Insbesondere die militärische Beziehung der USA mit Saudi-Arabien hat die inneren Spannungen in diesem Land vertieft. Saudi-Arabien hatte eine Rechnung von 60 Milliarden Dollar zu begleichen, die die Amerikaner für den Krieg gegen Irak aufmachten. Nochmals an die 40 Milliarden Dollar brachte Saudi-Arabien im Laufe der neunziger Jahre für den Kauf amerikanischer Waffen auf. Derart verschwenderische Militärausgaben haben zu erheblichen Etatkürzungen in einem Land geführt, das bisher großzügige Sozialleistungen seitens der Regierung gewohnt war.

Massive Drohungen von islamischen Extremisten blieben deshalb nicht aus. Bereits 1998 kursierte ein Manifest, das den USA und seinen Alliierten einen „Heiligen Krieg“ androhte, mit dem Ziel, diese aus allen islamischen Staaten herauszuwerfen. Die Beschwerdeliste dieses Manifestes umfasste sowohl die Besetzung der arabischen Halbinsel als auch die US-Aggression gegen das irakische Volk.
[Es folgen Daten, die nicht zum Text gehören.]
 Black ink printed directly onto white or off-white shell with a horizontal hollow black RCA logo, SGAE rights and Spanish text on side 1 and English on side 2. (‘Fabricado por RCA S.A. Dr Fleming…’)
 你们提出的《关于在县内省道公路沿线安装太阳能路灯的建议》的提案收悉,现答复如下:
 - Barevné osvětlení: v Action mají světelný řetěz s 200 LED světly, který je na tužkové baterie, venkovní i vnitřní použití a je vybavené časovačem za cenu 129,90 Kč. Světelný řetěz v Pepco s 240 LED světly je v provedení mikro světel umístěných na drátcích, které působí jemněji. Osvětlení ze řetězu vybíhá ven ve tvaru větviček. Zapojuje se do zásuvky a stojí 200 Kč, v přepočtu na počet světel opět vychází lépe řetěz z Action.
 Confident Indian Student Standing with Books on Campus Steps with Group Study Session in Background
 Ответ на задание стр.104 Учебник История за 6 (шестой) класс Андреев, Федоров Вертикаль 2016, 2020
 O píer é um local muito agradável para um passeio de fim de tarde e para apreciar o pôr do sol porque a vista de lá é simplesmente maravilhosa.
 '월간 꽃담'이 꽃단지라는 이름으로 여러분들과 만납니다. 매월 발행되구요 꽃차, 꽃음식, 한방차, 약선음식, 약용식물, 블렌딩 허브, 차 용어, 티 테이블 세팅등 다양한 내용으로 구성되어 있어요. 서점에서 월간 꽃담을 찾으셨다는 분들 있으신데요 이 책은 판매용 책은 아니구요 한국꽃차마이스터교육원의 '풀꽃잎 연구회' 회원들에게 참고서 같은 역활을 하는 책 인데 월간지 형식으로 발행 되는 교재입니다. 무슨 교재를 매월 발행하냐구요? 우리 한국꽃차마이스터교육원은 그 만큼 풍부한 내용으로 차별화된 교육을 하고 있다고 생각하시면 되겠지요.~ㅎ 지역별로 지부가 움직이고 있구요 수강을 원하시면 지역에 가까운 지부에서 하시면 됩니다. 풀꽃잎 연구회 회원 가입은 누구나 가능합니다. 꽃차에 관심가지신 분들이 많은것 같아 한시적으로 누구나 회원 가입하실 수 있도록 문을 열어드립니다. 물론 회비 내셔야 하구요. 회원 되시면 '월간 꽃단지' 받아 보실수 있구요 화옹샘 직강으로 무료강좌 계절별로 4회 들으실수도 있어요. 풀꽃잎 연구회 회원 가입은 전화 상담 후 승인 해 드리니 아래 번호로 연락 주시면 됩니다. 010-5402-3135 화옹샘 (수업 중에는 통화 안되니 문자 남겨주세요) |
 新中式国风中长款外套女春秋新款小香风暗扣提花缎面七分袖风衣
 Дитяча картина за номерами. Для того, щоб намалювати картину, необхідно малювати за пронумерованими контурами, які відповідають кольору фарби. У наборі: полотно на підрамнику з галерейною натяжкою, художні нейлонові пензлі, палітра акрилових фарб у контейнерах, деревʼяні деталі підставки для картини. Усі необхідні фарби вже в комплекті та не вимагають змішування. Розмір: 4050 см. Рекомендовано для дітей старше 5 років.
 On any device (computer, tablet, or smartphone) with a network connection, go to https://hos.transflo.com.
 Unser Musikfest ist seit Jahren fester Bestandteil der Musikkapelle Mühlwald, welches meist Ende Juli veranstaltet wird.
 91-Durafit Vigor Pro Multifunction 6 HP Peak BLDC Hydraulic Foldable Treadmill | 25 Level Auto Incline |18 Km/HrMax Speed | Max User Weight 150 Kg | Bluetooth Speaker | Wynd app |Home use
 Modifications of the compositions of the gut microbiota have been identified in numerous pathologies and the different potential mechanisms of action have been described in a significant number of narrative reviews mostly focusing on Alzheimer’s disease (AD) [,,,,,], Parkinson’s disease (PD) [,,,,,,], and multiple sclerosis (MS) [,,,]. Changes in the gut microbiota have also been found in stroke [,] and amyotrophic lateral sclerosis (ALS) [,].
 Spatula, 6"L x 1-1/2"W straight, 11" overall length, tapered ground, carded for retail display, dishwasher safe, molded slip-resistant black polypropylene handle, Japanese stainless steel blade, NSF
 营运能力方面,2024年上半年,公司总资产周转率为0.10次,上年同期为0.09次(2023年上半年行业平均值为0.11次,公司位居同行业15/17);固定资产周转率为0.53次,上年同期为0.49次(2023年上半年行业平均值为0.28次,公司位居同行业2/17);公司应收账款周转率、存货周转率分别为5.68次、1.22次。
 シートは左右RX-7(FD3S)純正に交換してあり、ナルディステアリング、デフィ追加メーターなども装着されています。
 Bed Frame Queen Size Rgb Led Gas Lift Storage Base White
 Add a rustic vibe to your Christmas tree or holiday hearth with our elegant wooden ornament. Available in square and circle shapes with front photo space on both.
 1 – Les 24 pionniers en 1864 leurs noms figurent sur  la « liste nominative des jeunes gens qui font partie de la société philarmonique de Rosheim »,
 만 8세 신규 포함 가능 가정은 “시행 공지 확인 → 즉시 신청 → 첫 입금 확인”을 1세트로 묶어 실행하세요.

Mitunterschrieben war dieses Manifest von Führern militanter islamistischer Führer aus Ägypten, Pakistan und Bangladesh. Der Verfasser dieses Manifestes war Bin Laden.

Für Richard Perle, Berater des US-Verteidigungsministeriums, liegen die Fehler bei den Regierungen der Golfregion. Er deutet die unerwünschten „Rückstöße“ („blowbacks“) für die USA in erster Linie als Ausdruck eines grassierendes Neidkomplexes gegenüber den USA. „Wenn man heute in die arabische Welt schaut, die einst große Zivilisationen hervorgebracht hat, dann ist diese, trotz allen Reichtums aufgrund der Ölvorräte, von einem Niedergang geprägt. Es gibt nichts, auf das junge Araber stolz sein könnten.“ Die USA seien nicht die Ursache dieses Problems, meint Perle. Wenn Araber von der Arroganz der USA redeten, sprächen sie im Grunde genommen über den Erfolg der USA.

Perles Auffassung ist keine Einzelmeinung; ähnliches war auch von anderen Experten zu lesen und zu hören. Angesichts einer derartigen Deutung der Dinge steht nicht zu erwarten, daß die USA dem Dilemma entkommen werden, das Robert Pfaltzgraff in die Worte faßte: Die Lösung eines Problems erzeugt ein neues.